Wine of Origin Unusual

Generally in South African wine competitions, as elsewhere in the New World, agglommerated results are presented in terms of varieties and styles rather than origin.

That’s also the case with the Platter guide, whose list of five-star winners I’ve just been looking at with a differerent perspective.

What is the league table it offers when categorising its 62 top-ranked wines?

Firstly, most broadly, and in line with what most serious commentators would agree is correct, more white wines than red get five stars – like last year, though this year’s 35 to 27 gap has now widened a little.

The winning category is easily White blends, which is certainly justified, in my opinion. There are 12 of those, followed by Shiraz with 10. Red blends and Chenin have 8 each, then Chardonnay with 5, then unfortified desserts with 4. Then the others.

Platter doesn’t divide the wines into their origins – partly, no doubt, because this is a bit trickier to do and much less clearcut. Stick to origin and you miss a lot of good wines. But, of course, you can again invoke the idea of blends. In fact, going through the list, I’m gratified to note that a minority of the wines give their origins as “Coastal” or “Western Cape”: let’s hope it’s because there’s an increasing tendency to produce wines that reflect a particular origin. But 13 out of 62 is still too many.

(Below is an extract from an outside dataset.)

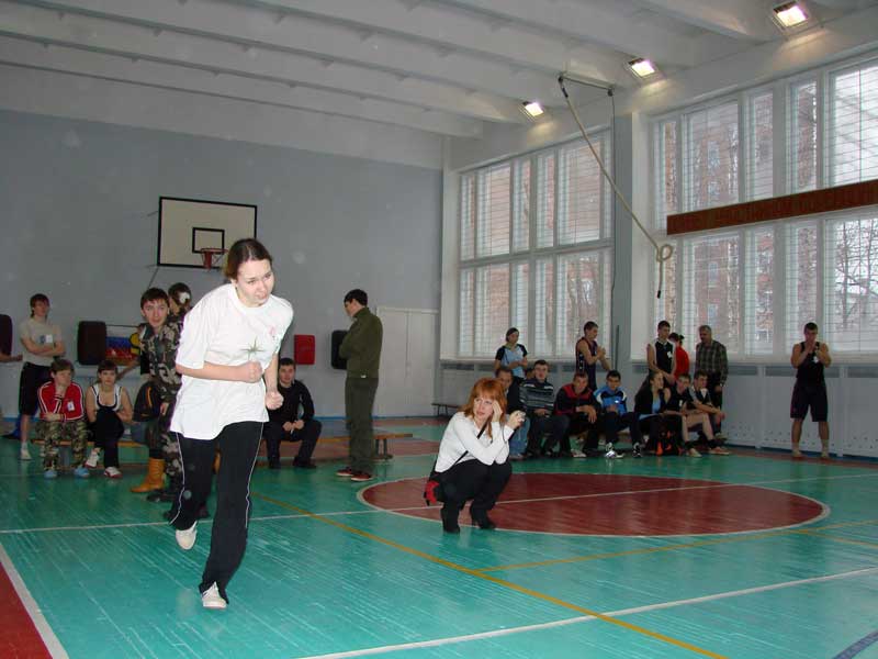 - военно-прикладная эстафета (подъем по канату, бег с препятствиями, прыжки через «коня», продвижение под «паутиной», сборка и разборка автомата, бег в противогазах, переноска пострадавшего из условно зараженной местности) – 2 место (1 место –педколледж 1).

Of those wine that either declare a specific origin, or a specific origin can be ascertained, the following is the league table that I worked out. The winner is, of course, unsurprising – though I suspect many people would have guessed it would be by an even larger margin:

  • Stellenbosch  17
  • Swartland       7
  • Franschhoek   4
  • Olifantsrivier   4 (including Citrusdal, Cederberg, Bamboes Bay)
  • Walker Bay     4 (combining Bot River with Hemel en Aarde wards)
  • Klein Rivier     2
  • Paarl              2
  • Tulbagh          2

Then some with just one each – Durbanville, Cape Point, Robertson, Elgin.

The strange omission is, of course, Constantia. How did that happen (especially with the fine Vin de Constance 2007 on offer)? Well, these things do happen, I’m afraid, and we must swallow hard and get over it. There are always question marks over exclusions and inclusions. And the list of five-star wines certainly for me (as for many people, only no doubt differently!) includes wines whose presence there I wonder about, and omits some that seem indispensible. (I take a sip of Raka Cabernet Franc and long for Glenelly Lady May!) The fact remains that the Platter Guide is the most useful list to perform this exercise on, in that it reflects judgements on vastly more wines than any other guide or competition.

I haven’t checked my analysis or arithmetic very carefully – if you feel like doing so, and find me wrong please let me know, but I’m at least sure the overall picture is correct.

As I say, no-one is going to be surprised that Stellenbosch produces the most five-star wines. It would have been even more true ten years ago. But ten years ago the idea that the Swartland would be in a very respectable second place (with a tiny proportion of the wineries that Stellenbosch has) would have been thought absurd.

Even more – who, idly imagining this list, would have thought that Olifantsrivier, best known for its co-ops and large wineries churning out vast quantitites of heavily irrigated, hot-country wines, could produce four five-star winners? (It must be said that there are people in some less-successful areas who grumble about Platter prejudices against “over the mountain” wines – these results give the lie to that, I think.)

Interestingly, only two of the Olifantsrivier wines are actually made in the area: Fryer’s Cove Savignon Blanc and Cederberg CWG Teen die Hoog Shiraz. The other two are vinified elsewhere: Botanica Chenin Blanc in Stellenbosch, and Sadie Family Skurfberg in the Swartland. And at least one other five-star wine has a significant proportion of Olifantsrivier wine – Alheit Cartology.

But what a splendid thing this is! Another proof that there is surely no area in the whole of the Western Cape that is not capable – with a bit of imagination, skill and hard work – of producing fine wine.